In the half year ending 31st December, 1851, the paid up capital of the company was augmented, and the tariff for the transmission of messages was reduced in the large proportion of 50 per cent. upon its original rate. The extent of the line was increased 8 per cent., and that of the conducting wires nearly 35 per cent. The average number of wires upon the lines was augmented by this change from 4 to 5. The effect of this, and the gradual increase from month to month in the next half year was an increase of above 60 per cent. in the amount of business, and nearly 13 per cent. in the receipts, the dividends having been augmented from 4 to 6 per cent.

Among the more recent improvements in the transaction of telegraphic business which have been made by this company, the following may be mentioned.

"Franked message papers," pre-paid, are now issued, procurable at any stationer's. These, with the message filled in, can be dispatched to the office when and how the sender likes; and the company intend very quickly to sell electric stamps, like Queen's heads, which may be stuck on to any piece of paper, and frank its contents without any further trouble. Another very important arrangement for mercantile men is the sending of "remittance messages," by means of which money can be paid in at the central office in London, and, within a few minutes, paid out at Liverpool or Manchester, or by the same means sent up to town with the like dispatch from Liverpool, Manchester, Bristol, Birmingham, Leeds, Glasgow, Edinburg, Newcastle-on-Tyne, Hull, York, Plymouth, and Exeter. There is a money-order office in the Lothbury establishment to manage this department, which will, no doubt, in all emergencies, speedily supersede the government moneyorder office, which works through the slower medium of the post-office.

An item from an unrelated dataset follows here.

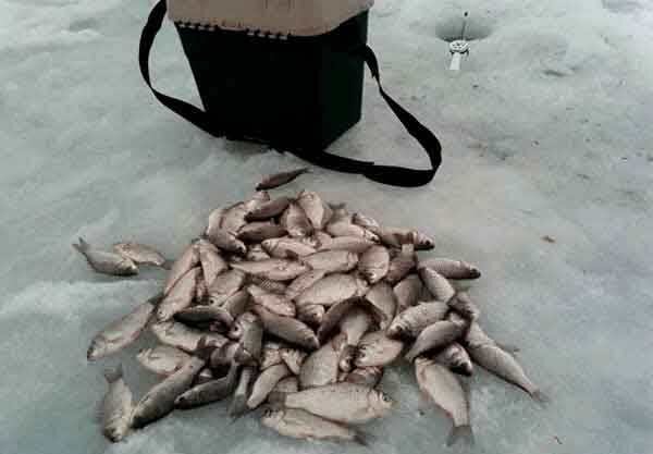 Несмотря на то, что карась не является типичной рыбой для зимней рыбалки как, к примеру, плотва, окунь или подлещик, ловить зимой его можно довольно успешно. В первую очередь это относится к небольшим слабопроточным водоёмам, в которых карась является если не единственным, то, по крайней мере, самым распространенным обитателем. Если объектом ловли будет исключительно карась, то выходить на рыбалку желательно в оттепель, так как с наступлением морозов малоактивный карась и вовсе перестаёт питаться. В южных регионах страны, где зимы мягче и период ледостава непродолжителен, его можно ловить в течении всей зимы. Место ловли карася Ловля карася зимой, как всегда начинается с выбора места. Глубокие участки водоёма в данный период перспективными не будут: если карась там и есть, то он малоактивный или даже не активный совсем. Кормящегося карася надо искать вдоль береговой линии на глубинах от одного до трех метров. Учитывая его непредсказуемость, определить по внешним признакам место его к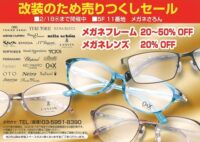 東武百貨店池袋店5階11番地メガネさろんでは、来春売場をリニューアルオープンする予定です。 リニューアルに先立ちまして、改装のため売りつくしセールを開催いたします。 メガネフレーム20%~50%OFFなど、お買い得品を数 […

THE MAGNETIC TELEGRAPH COMPANY.

This company has established an underground line of ten wires from London to Liverpool, by Manchester, and one of six wires from Liverpool to Portpatrick, and from thence to Belfast. The line from Belfast to Dublin, and from thence to Cork, with branches, is overground on poles. The underground system is again adopted from Cork to Queenstown.

Lines are in progress of construction along the Waterford and Limerick Railway, and six additional wires are being laid between Dublin and Belfast.

The instruments used are the needle-telegraph, and chiefly the double needle instruments, the current being produced not by galvanic batteries, but by magneto-electrice machines, on the principle patented by Messrs. Henley and Forster, improved in various details by the Messrs. Bright, the secretary and engineer of the company.

The speech delivered by the Queen on opening the parlia mentary session of 1854, was supplied verbatim to the Belfast journals at 2 h. 25 m., to those of Dublin at 2 h. 40 m., and to those of Cork at 3 h. 20 m. on the afternoon of its delivery.

The tariff is regulated upon principles similar to that of the Electric Telegraph Company.

Although this company was not incorporated until the middle of 1852, it has now (July, 1854) upwards of 2,000 miles of telegraphic lines, and 13,000 miles of wire in active operation, and from the rapid progress it has hitherto made, and its power to extend its capital of 300,000l. to 600,000l., it is probable that ere long its scale of operation' will be much further extended, to the great benefit of the public.

SUBMARINE COMPANIES.

The CHARTERED SUBMARINE TELEGRAPH COMPANY, between Great Britain and the Continent, has been formed with a nominal share capital of 150,000l., of which the half has been for the present reserved, the actual amount of the subscribed capital being only 75,000l.

The operations of this company have hitherto (1854) been limited to the establishment of electric eommunication with Belgium, by means of the cable already described, connecting Dover with Ostend.

This company has recently coalesced with the Submarine Telegraph Company.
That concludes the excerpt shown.